Visualize effect sizes (part II): explore moderators
Alternatives for visually assessing effect sizes (per group) include histograms or density distributions.
hedges_PN$SE<-sqrt(hedges_PN$Hedges_var)
dodge <- position_dodge(width=1)
ggplot(hedges_PN, aes(x=DIV2, y=Hedges_D, colour=DIV2)) +
geom_hline(yintercept=0,color="red")+
#geom_errorbar(aes(ymin=Hedges_D-SE, ymax=Hedges_D+SE), width=.1,position=dodge) +
geom_point(position=dodge)+ labs(x="Plant group", y="Effect size")+
guides(fill=FALSE,colour=guide_legend(title="Plant group",title.position = "top"))+
theme_bw()
QUESTION: Are there differences among functional groups in terms of their response to elevated CO2?#
LRR: water-use efficiency
The log-response ratio is a commonly used effect size and – once back-transformed – is easier to understand (e.g. the mean effect size is 10% greater than the control).
require(metafor,quietly = TRUE)
curtis_ES2<-escalc(measure='ROM', m2i=X_AMB , sd2i=SD_AMB, n2i=N_AMB, m1i=X_ELEV, sd1i=SD_ELEV, n1i=N_ELEV, vtype='LS',var.names=c("LRR","LRR_var"),data=curtis)
## Warning in log(m1i/m2i): NaNs produced
str(curtis_ES2)
## Classes 'escalc' and 'data.frame': 784 obs. of 31 variables:
## $ OBSNO : int 1 2 3 4 5 6 7 8 9 10 ...
## $ PAP_NO : int 44 44 44 44 44 44 44 44 44 44 ...
## $ PARAM : chr "PN" "PN" "AGWT" "AGWT" ...
## $ P_UNIT : chr "umolCO2/m2/s" "umolCO2/m2/s" "mg" "mg" ...
## $ GENUS : chr "ALNUS" "ALNUS" "ALNUS" "ALNUS" ...
## $ SPECIES : chr "RUBRA" "RUBRA" "RUBRA" "RUBRA" ...

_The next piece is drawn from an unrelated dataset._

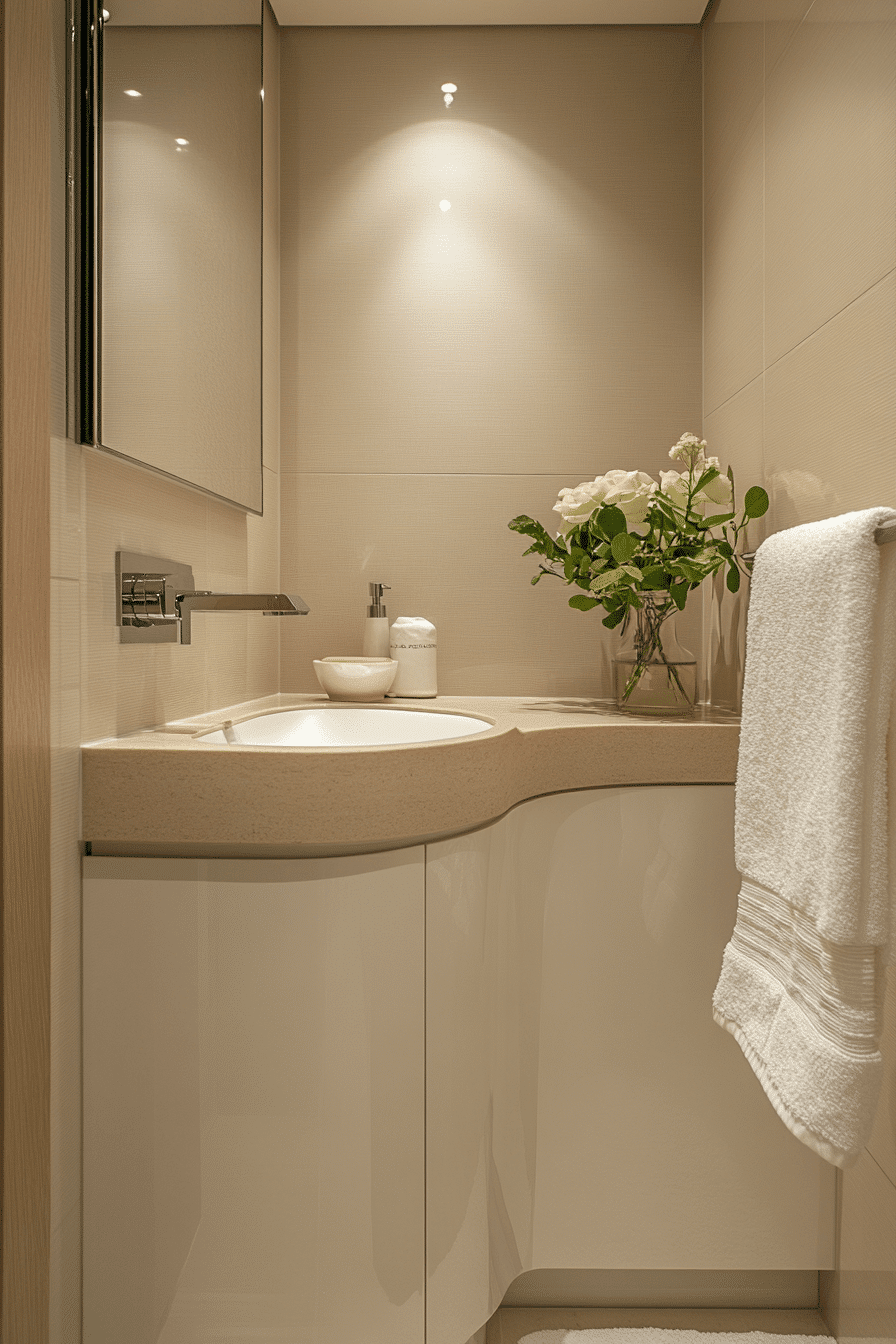 When every inch counts, small bathroom ideas that use corner layouts can make a huge difference. Corner sinks, toilets, and showers help free up the rest of the space. This makes the room feel less cramped and more functional. Adding corner shelves or wall-mounted storage keeps everything within reach. It’s especially helpful for awkward layouts or very tight spaces. Explore small bathroom ideas that maximize corners for better flow!

## $ DIV1 : chr "WOODY" "WOODY" "WOODY" "WOODY" ...
## $ DIV2 : chr "N2FIX" "N2FIX" "N2FIX" "N2FIX" ...
## $ AMBC : num 350 350 350 350 350 350 350 350 350 350 ...
## $ ELEV : num 650 650 650 650 650 650 650 650 650 650 ...
## $ CO2_UNIT: chr "ul/l" "ul/l" "ul/l" "ul/l" ...
## $ TIME : int 46 46 47 47 47 47 47 47 47 47 ...
## $ POT : chr "0.5" "0.5" "0.5" "0.5" ...
## $ METHOD : chr "GC" "GC" "GC" "GC" ...
## $ STOCK : chr "SEED" "SEED" "SEED" "SEED" ...
## $ XTRT : chr "FERT" "FERT" "FERT" "FERT" ...
## $ LEVEL : chr "HI" "CONTROL" "HI" "CONTROL" ...
## $ QUANT : chr "20mgN/l" "." "20mgN/l" "." ...
## $ SOURCE : chr "T3" "T3" "T1" "T1" ...
## $ X_AMB : num 11.8 11.7 2500.5 1460.5 1444.5 ...
## $ SE_AMB : num 0.64 1.16 324.3 76.6 219.6 ...
## $ SD_AMB : num 1.43 2.59 725.16 171.28 491.04 ...
## $ CV._AMB : num 12.8 23.3 30.5 12.3 35.7 ...
## $ N_AMB : int 5 5 5 5 5 5 5 5 5 5 ...
## $ X_ELEV : num 23.2 25.9 4076.4 1805.3 2740.6 ...
## $ SE_ELEV : num 4.61 1.48 601.7 221.1 525.2 ...
## $ SD_ELEV : num 10.31 3.31 1042.17 494.39 909.67 ...
## $ CV._ELEV: num 46.7 13.4 27.7 28.8 36 ...
## $ N_ELEV : int 5 5 3 5 3 5 3 5 3 5 ...
## $ LRR : atomic 0.679 0.795 0.489 0.212 0.64 ...
## ..- attr(*, "measure")= chr "ROM"
## ..- attr(*, "ni")= int 10 10 8 10 8 10 8 10 8 10 ...
## $ LRR_var : num 0.0424 0.0131 0.0386 0.0178 0.0598 ...
## - attr(*, "digits")= num 4
## - attr(*, "yi.names")= chr "LRR"
## - attr(*, "vi.names")= chr "LRR_var"
Visualize effect sizes (part I) : forest plots
require(metafor,quietly = TRUE)
require(dplyr,quietly=TRUE)
LRR_WUE<-filter(curtis_ES2, PARAM=="WUE")
LRR_WUE<-arrange(LRR_WUE, GENUS)
forest(LRR_WUE$LRR,LRR_WUE$LRR_var, slab=LRR_WUE$GENUS, showweights=TRUE)
Note that the percentage next to each effect size is the weight of each point.
QUESTION: Do trees have higher or lower water-use efficiency in response to elevated CO2?